# [Dataset section]
________________________

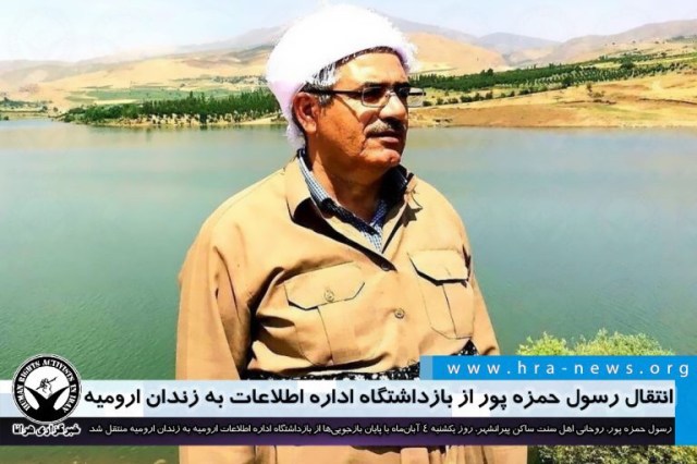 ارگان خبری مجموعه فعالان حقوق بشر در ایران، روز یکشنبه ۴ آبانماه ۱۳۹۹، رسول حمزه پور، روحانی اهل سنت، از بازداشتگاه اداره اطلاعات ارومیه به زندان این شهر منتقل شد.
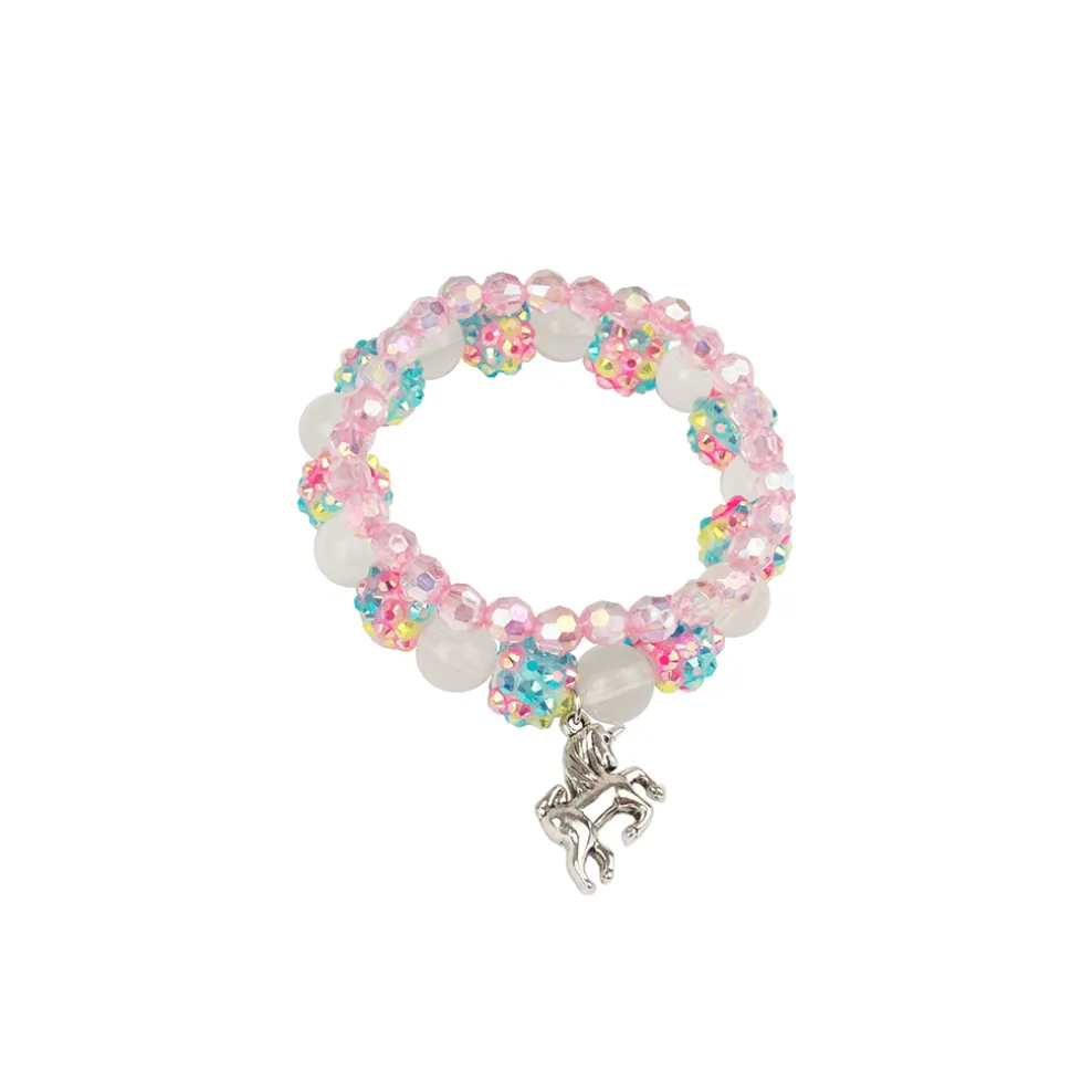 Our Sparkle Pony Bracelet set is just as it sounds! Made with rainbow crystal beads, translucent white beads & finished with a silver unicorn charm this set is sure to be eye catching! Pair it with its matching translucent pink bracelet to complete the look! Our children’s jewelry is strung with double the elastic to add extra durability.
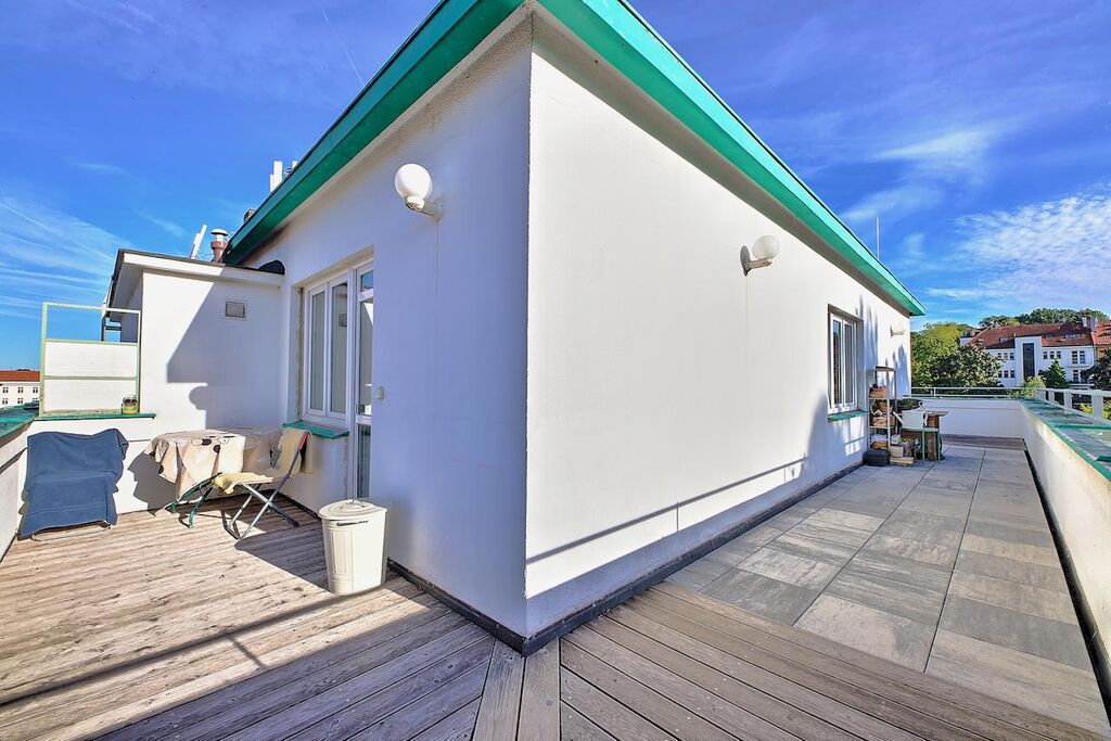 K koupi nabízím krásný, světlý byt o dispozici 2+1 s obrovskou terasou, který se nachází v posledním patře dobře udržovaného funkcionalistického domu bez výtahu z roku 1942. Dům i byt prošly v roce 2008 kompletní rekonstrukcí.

________________________

# [Instructions to follow]
The pictures are to be omitted, and the rest of the listing is to be transcribed exactly.

# [Output below]
 ارگان خبری مجموعه فعالان حقوق بشر در ایران، روز یکشنبه ۴ آبانماه ۱۳۹۹، رسول حمزه پور، روحانی اهل سنت، از بازداشتگاه اداره اطلاعات ارومیه به زندان این شهر منتقل شد.
 Our Sparkle Pony Bracelet set is just as it sounds! Made with rainbow crystal beads, translucent white beads & finished with a silver unicorn charm this set is sure to be eye catching! Pair it with its matching translucent pink bracelet to complete the look! Our children’s jewelry is strung with double the elastic to add extra durability.
 K koupi nabízím krásný, světlý byt o dispozici 2+1 s obrovskou terasou, který se nachází v posledním patře dobře udržovaného funkcionalistického domu bez výtahu z roku 1942. Dům i byt prošly v roce 2008 kompletní rekonstrukcí.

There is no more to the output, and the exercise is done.